* _WHAT THE EXERCISE ASKS_: Please reproduce the full listing exactly, with nothing added.

↓

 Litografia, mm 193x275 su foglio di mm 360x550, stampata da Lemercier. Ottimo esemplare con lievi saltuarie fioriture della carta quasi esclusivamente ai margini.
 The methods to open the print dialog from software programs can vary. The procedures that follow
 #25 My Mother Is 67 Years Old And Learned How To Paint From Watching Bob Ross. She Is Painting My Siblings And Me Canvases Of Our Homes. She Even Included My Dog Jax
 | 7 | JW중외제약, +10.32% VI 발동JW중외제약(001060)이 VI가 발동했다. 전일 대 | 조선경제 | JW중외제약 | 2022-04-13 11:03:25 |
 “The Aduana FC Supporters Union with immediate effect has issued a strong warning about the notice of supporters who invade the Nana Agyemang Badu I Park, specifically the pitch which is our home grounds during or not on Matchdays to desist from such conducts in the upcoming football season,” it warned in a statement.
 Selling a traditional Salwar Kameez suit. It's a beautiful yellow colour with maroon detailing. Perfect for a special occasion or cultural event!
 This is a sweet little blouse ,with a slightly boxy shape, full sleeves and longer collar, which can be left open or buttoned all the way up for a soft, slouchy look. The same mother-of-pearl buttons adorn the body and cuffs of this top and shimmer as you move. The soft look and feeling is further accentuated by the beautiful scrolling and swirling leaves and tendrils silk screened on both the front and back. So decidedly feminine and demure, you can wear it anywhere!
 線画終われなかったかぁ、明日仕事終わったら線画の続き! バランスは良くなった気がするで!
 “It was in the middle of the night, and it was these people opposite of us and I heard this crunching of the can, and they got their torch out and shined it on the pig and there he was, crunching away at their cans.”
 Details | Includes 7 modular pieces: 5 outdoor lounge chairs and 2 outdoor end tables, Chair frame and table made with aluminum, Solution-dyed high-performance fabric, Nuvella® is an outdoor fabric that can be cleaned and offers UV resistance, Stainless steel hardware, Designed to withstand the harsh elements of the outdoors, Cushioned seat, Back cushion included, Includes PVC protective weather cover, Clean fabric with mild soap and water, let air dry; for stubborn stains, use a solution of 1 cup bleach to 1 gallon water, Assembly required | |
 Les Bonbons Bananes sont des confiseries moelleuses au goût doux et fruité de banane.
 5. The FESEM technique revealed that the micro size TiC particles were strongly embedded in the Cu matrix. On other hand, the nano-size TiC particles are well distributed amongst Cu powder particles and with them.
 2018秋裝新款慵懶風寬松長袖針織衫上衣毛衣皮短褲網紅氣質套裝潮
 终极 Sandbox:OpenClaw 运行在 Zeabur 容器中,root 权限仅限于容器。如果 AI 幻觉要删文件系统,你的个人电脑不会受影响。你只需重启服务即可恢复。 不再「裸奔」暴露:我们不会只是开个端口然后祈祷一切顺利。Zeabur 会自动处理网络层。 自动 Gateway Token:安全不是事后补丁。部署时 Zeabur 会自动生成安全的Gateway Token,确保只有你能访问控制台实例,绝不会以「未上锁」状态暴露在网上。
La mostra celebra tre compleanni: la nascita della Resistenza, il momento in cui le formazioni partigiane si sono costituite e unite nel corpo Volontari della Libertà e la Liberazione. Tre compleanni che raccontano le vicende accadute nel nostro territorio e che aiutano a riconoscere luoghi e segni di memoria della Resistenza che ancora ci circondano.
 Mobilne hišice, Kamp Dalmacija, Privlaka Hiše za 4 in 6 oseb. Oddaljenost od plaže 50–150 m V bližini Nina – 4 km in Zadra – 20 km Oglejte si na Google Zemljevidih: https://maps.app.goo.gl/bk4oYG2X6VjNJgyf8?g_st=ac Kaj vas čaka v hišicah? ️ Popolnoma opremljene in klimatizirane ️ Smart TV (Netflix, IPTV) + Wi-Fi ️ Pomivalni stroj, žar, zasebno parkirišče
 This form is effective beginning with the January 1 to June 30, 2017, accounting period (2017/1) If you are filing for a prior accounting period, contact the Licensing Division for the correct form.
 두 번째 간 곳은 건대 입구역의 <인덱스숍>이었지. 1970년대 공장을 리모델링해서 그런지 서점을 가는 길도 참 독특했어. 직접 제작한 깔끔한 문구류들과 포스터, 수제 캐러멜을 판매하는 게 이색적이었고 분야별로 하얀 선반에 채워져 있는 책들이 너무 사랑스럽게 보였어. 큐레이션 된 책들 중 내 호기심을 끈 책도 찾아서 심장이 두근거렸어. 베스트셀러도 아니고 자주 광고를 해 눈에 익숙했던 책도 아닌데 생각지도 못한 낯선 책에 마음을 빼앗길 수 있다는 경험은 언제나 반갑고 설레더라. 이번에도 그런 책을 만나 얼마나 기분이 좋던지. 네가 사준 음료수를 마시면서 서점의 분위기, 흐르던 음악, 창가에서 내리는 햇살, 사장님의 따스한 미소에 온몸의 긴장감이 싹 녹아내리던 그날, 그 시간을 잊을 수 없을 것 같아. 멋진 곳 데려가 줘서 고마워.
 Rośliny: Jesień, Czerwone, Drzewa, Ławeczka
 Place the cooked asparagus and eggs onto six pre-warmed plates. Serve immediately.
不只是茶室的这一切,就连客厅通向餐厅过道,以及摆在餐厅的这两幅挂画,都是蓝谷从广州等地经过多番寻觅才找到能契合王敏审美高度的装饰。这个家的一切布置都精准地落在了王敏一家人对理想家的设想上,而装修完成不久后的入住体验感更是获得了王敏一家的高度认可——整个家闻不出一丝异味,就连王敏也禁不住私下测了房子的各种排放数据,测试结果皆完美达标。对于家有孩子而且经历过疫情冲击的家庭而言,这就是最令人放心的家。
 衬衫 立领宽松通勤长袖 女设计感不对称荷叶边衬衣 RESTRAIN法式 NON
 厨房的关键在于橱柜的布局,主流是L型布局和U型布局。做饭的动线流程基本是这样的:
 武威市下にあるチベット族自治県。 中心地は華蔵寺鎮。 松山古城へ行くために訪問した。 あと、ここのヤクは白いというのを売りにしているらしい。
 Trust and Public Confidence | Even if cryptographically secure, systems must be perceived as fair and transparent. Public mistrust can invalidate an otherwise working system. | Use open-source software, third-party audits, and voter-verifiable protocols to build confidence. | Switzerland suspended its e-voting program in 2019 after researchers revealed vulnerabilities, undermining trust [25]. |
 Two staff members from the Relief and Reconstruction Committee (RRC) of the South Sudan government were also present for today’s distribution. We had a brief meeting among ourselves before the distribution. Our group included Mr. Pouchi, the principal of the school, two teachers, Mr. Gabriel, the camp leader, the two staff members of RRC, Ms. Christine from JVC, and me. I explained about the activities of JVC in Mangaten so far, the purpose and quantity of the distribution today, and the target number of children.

↑

* _SOLUTION TO THIS PROBLEM_:
 Litografia, mm 193x275 su foglio di mm 360x550, stampata da Lemercier. Ottimo esemplare con lievi saltuarie fioriture della carta quasi esclusivamente ai margini.
 The methods to open the print dialog from software programs can vary. The procedures that follow
 #25 My Mother Is 67 Years Old And Learned How To Paint From Watching Bob Ross. She Is Painting My Siblings And Me Canvases Of Our Homes. She Even Included My Dog Jax
 | 7 | JW중외제약, +10.32% VI 발동JW중외제약(001060)이 VI가 발동했다. 전일 대 | 조선경제 | JW중외제약 | 2022-04-13 11:03:25 |
 “The Aduana FC Supporters Union with immediate effect has issued a strong warning about the notice of supporters who invade the Nana Agyemang Badu I Park, specifically the pitch which is our home grounds during or not on Matchdays to desist from such conducts in the upcoming football season,” it warned in a statement.
 Selling a traditional Salwar Kameez suit. It's a beautiful yellow colour with maroon detailing. Perfect for a special occasion or cultural event!
 This is a sweet little blouse ,with a slightly boxy shape, full sleeves and longer collar, which can be left open or buttoned all the way up for a soft, slouchy look. The same mother-of-pearl buttons adorn the body and cuffs of this top and shimmer as you move. The soft look and feeling is further accentuated by the beautiful scrolling and swirling leaves and tendrils silk screened on both the front and back. So decidedly feminine and demure, you can wear it anywhere!
 線画終われなかったかぁ、明日仕事終わったら線画の続き! バランスは良くなった気がするで!
 “It was in the middle of the night, and it was these people opposite of us and I heard this crunching of the can, and they got their torch out and shined it on the pig and there he was, crunching away at their cans.”
 Details | Includes 7 modular pieces: 5 outdoor lounge chairs and 2 outdoor end tables, Chair frame and table made with aluminum, Solution-dyed high-performance fabric, Nuvella® is an outdoor fabric that can be cleaned and offers UV resistance, Stainless steel hardware, Designed to withstand the harsh elements of the outdoors, Cushioned seat, Back cushion included, Includes PVC protective weather cover, Clean fabric with mild soap and water, let air dry; for stubborn stains, use a solution of 1 cup bleach to 1 gallon water, Assembly required | |
 Les Bonbons Bananes sont des confiseries moelleuses au goût doux et fruité de banane.
 5. The FESEM technique revealed that the micro size TiC particles were strongly embedded in the Cu matrix. On other hand, the nano-size TiC particles are well distributed amongst Cu powder particles and with them.
 2018秋裝新款慵懶風寬松長袖針織衫上衣毛衣皮短褲網紅氣質套裝潮
 终极 Sandbox:OpenClaw 运行在 Zeabur 容器中,root 权限仅限于容器。如果 AI 幻觉要删文件系统,你的个人电脑不会受影响。你只需重启服务即可恢复。 不再「裸奔」暴露:我们不会只是开个端口然后祈祷一切顺利。Zeabur 会自动处理网络层。 自动 Gateway Token:安全不是事后补丁。部署时 Zeabur 会自动生成安全的Gateway Token,确保只有你能访问控制台实例,绝不会以「未上锁」状态暴露在网上。
La mostra celebra tre compleanni: la nascita della Resistenza, il momento in cui le formazioni partigiane si sono costituite e unite nel corpo Volontari della Libertà e la Liberazione. Tre compleanni che raccontano le vicende accadute nel nostro territorio e che aiutano a riconoscere luoghi e segni di memoria della Resistenza che ancora ci circondano.
 Mobilne hišice, Kamp Dalmacija, Privlaka Hiše za 4 in 6 oseb. Oddaljenost od plaže 50–150 m V bližini Nina – 4 km in Zadra – 20 km Oglejte si na Google Zemljevidih: https://maps.app.goo.gl/bk4oYG2X6VjNJgyf8?g_st=ac Kaj vas čaka v hišicah? ️ Popolnoma opremljene in klimatizirane ️ Smart TV (Netflix, IPTV) + Wi-Fi ️ Pomivalni stroj, žar, zasebno parkirišče
 This form is effective beginning with the January 1 to June 30, 2017, accounting period (2017/1) If you are filing for a prior accounting period, contact the Licensing Division for the correct form.
 두 번째 간 곳은 건대 입구역의 <인덱스숍>이었지. 1970년대 공장을 리모델링해서 그런지 서점을 가는 길도 참 독특했어. 직접 제작한 깔끔한 문구류들과 포스터, 수제 캐러멜을 판매하는 게 이색적이었고 분야별로 하얀 선반에 채워져 있는 책들이 너무 사랑스럽게 보였어. 큐레이션 된 책들 중 내 호기심을 끈 책도 찾아서 심장이 두근거렸어. 베스트셀러도 아니고 자주 광고를 해 눈에 익숙했던 책도 아닌데 생각지도 못한 낯선 책에 마음을 빼앗길 수 있다는 경험은 언제나 반갑고 설레더라. 이번에도 그런 책을 만나 얼마나 기분이 좋던지. 네가 사준 음료수를 마시면서 서점의 분위기, 흐르던 음악, 창가에서 내리는 햇살, 사장님의 따스한 미소에 온몸의 긴장감이 싹 녹아내리던 그날, 그 시간을 잊을 수 없을 것 같아. 멋진 곳 데려가 줘서 고마워.
 Rośliny: Jesień, Czerwone, Drzewa, Ławeczka
 Place the cooked asparagus and eggs onto six pre-warmed plates. Serve immediately.
不只是茶室的这一切,就连客厅通向餐厅过道,以及摆在餐厅的这两幅挂画,都是蓝谷从广州等地经过多番寻觅才找到能契合王敏审美高度的装饰。这个家的一切布置都精准地落在了王敏一家人对理想家的设想上,而装修完成不久后的入住体验感更是获得了王敏一家的高度认可——整个家闻不出一丝异味,就连王敏也禁不住私下测了房子的各种排放数据,测试结果皆完美达标。对于家有孩子而且经历过疫情冲击的家庭而言,这就是最令人放心的家。
 衬衫 立领宽松通勤长袖 女设计感不对称荷叶边衬衣 RESTRAIN法式 NON
 厨房的关键在于橱柜的布局,主流是L型布局和U型布局。做饭的动线流程基本是这样的:
 武威市下にあるチベット族自治県。 中心地は華蔵寺鎮。 松山古城へ行くために訪問した。 あと、ここのヤクは白いというのを売りにしているらしい。
 Trust and Public Confidence | Even if cryptographically secure, systems must be perceived as fair and transparent. Public mistrust can invalidate an otherwise working system. | Use open-source software, third-party audits, and voter-verifiable protocols to build confidence. | Switzerland suspended its e-voting program in 2019 after researchers revealed vulnerabilities, undermining trust [25]. |
 Two staff members from the Relief and Reconstruction Committee (RRC) of the South Sudan government were also present for today’s distribution. We had a brief meeting among ourselves before the distribution. Our group included Mr. Pouchi, the principal of the school, two teachers, Mr. Gabriel, the camp leader, the two staff members of RRC, Ms. Christine from JVC, and me. I explained about the activities of JVC in Mangaten so far, the purpose and quantity of the distribution today, and the target number of children.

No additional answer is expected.